**ACTIVITY**
Pictures in the entries below are excluded; copy only the lines from the one containing "2019 betrugen die" to the one containing "Houndstooth Bodycon Dress, Elegant", both included.

**ENTRIES SHOWN**
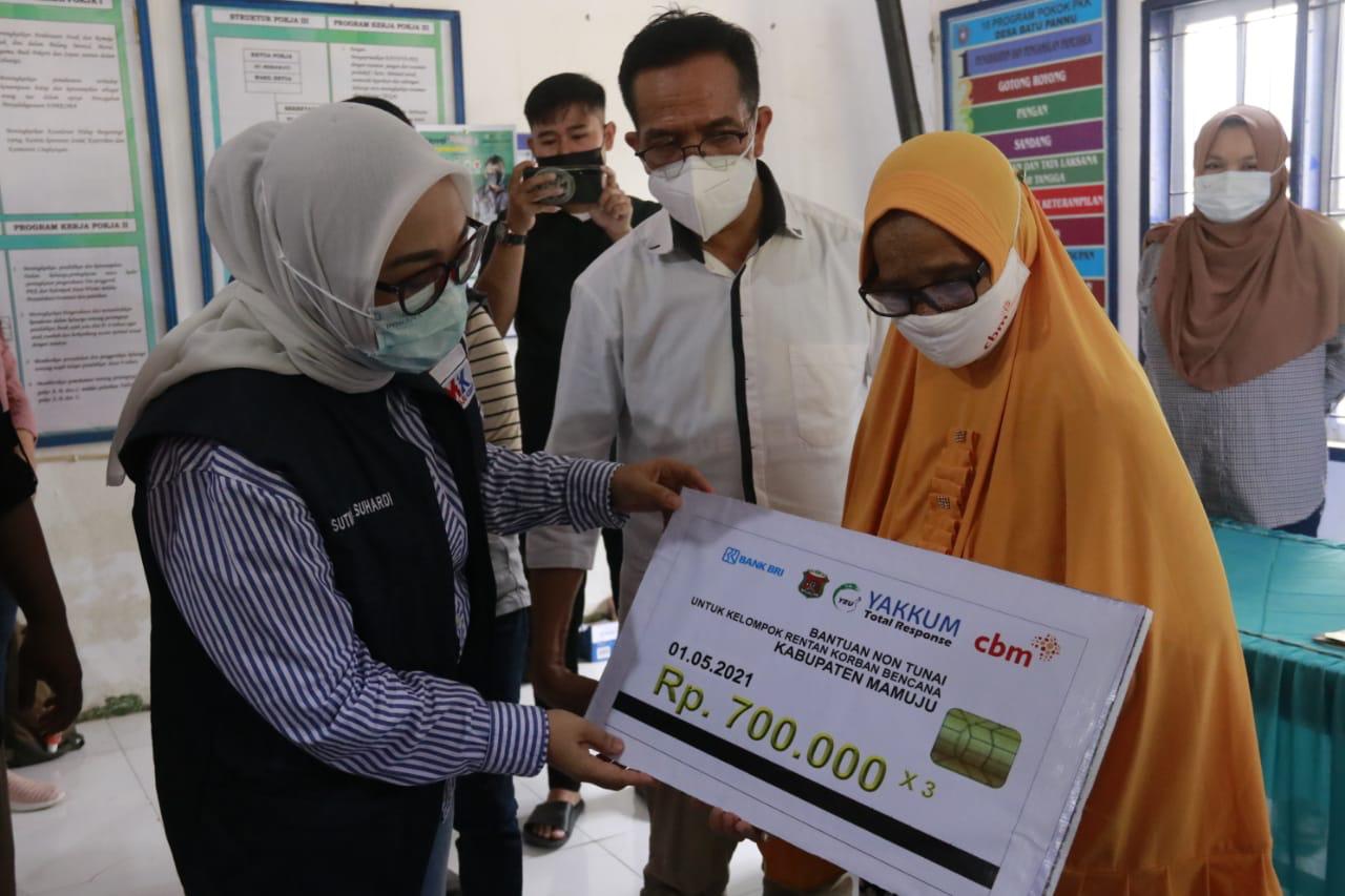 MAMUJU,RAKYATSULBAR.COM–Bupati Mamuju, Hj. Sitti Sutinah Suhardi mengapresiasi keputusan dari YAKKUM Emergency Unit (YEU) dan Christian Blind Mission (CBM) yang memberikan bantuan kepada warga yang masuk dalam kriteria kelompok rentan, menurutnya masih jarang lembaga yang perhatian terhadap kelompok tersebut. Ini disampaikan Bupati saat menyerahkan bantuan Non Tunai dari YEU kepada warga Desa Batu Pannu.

* * *

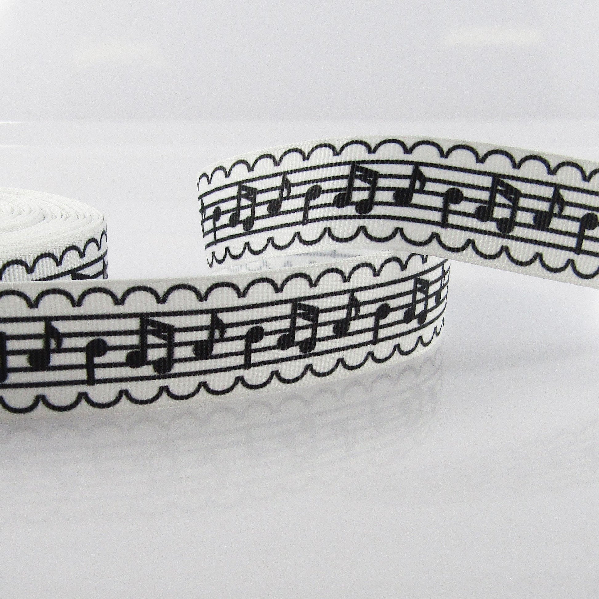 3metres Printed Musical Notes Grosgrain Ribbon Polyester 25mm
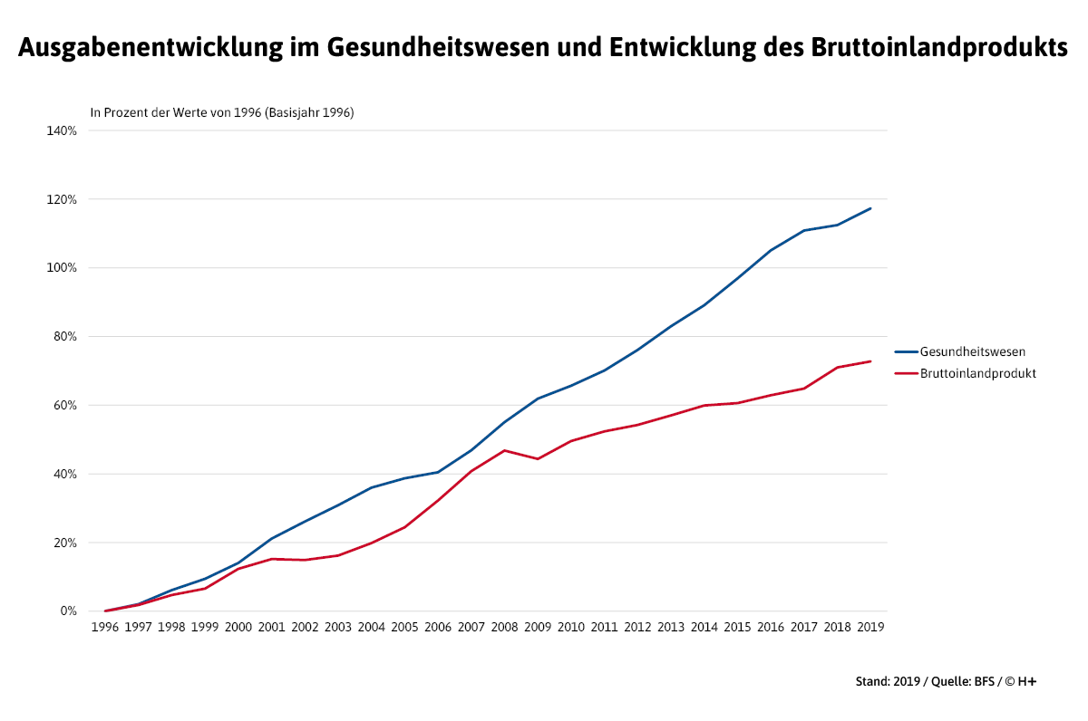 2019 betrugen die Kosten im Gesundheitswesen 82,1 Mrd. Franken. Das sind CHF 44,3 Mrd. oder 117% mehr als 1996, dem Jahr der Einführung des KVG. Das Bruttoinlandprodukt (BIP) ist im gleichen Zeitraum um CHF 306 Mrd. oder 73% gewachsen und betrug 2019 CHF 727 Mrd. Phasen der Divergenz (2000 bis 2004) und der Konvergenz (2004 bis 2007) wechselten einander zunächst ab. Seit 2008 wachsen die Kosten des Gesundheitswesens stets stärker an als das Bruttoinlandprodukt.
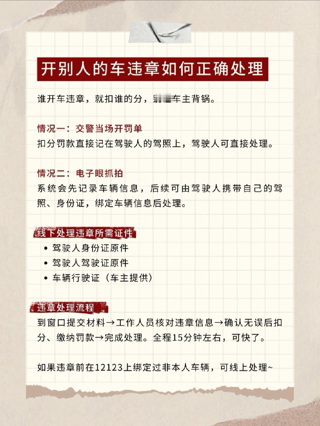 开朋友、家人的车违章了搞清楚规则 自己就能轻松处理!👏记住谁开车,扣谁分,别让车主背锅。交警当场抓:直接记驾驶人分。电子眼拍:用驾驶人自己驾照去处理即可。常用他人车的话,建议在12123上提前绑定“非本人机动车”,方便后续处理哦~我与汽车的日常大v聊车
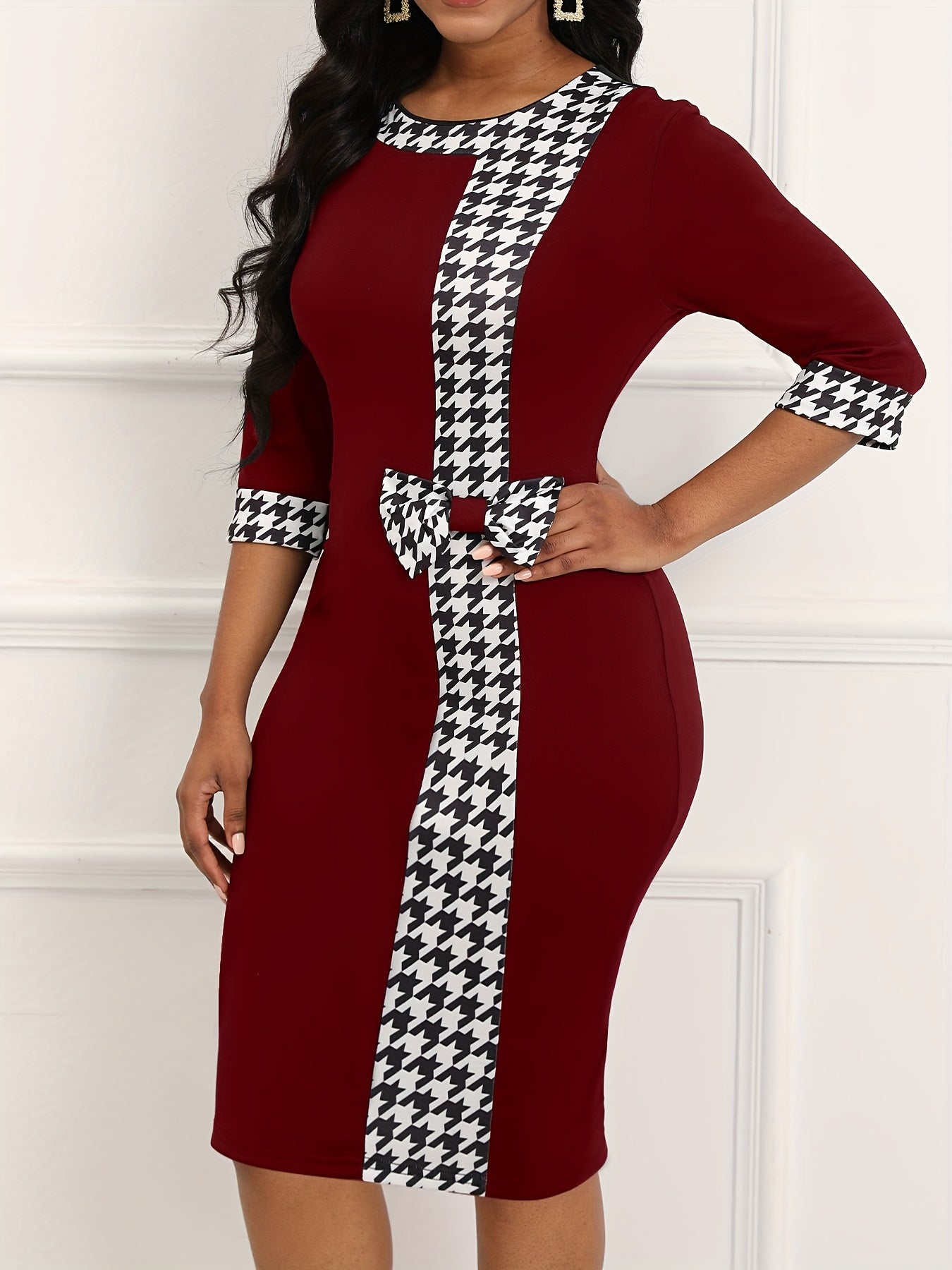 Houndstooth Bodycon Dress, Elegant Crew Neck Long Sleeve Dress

* * *

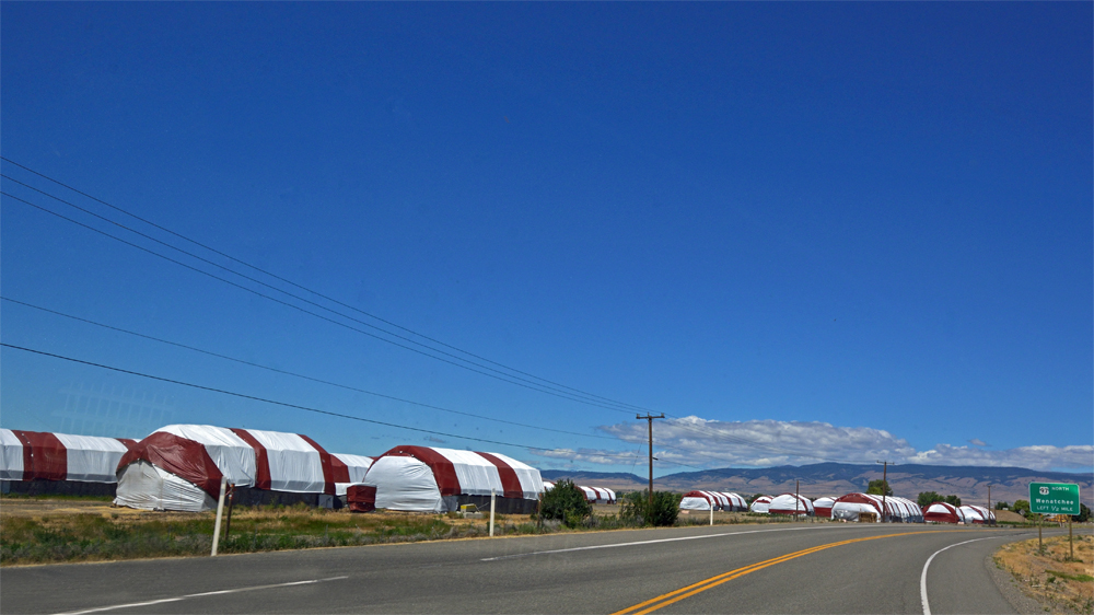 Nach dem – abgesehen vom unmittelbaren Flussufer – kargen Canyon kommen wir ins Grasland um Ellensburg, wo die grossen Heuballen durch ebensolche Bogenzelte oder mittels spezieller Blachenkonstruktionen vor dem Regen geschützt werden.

**RESPONSE**
 2019 betrugen die Kosten im Gesundheitswesen 82,1 Mrd. Franken. Das sind CHF 44,3 Mrd. oder 117% mehr als 1996, dem Jahr der Einführung des KVG. Das Bruttoinlandprodukt (BIP) ist im gleichen Zeitraum um CHF 306 Mrd. oder 73% gewachsen und betrug 2019 CHF 727 Mrd. Phasen der Divergenz (2000 bis 2004) und der Konvergenz (2004 bis 2007) wechselten einander zunächst ab. Seit 2008 wachsen die Kosten des Gesundheitswesens stets stärker an als das Bruttoinlandprodukt.
 开朋友、家人的车违章了搞清楚规则 自己就能轻松处理!👏记住谁开车,扣谁分,别让车主背锅。交警当场抓:直接记驾驶人分。电子眼拍:用驾驶人自己驾照去处理即可。常用他人车的话,建议在12123上提前绑定“非本人机动车”,方便后续处理哦~我与汽车的日常大v聊车
 Houndstooth Bodycon Dress, Elegant Crew Neck Long Sleeve Dress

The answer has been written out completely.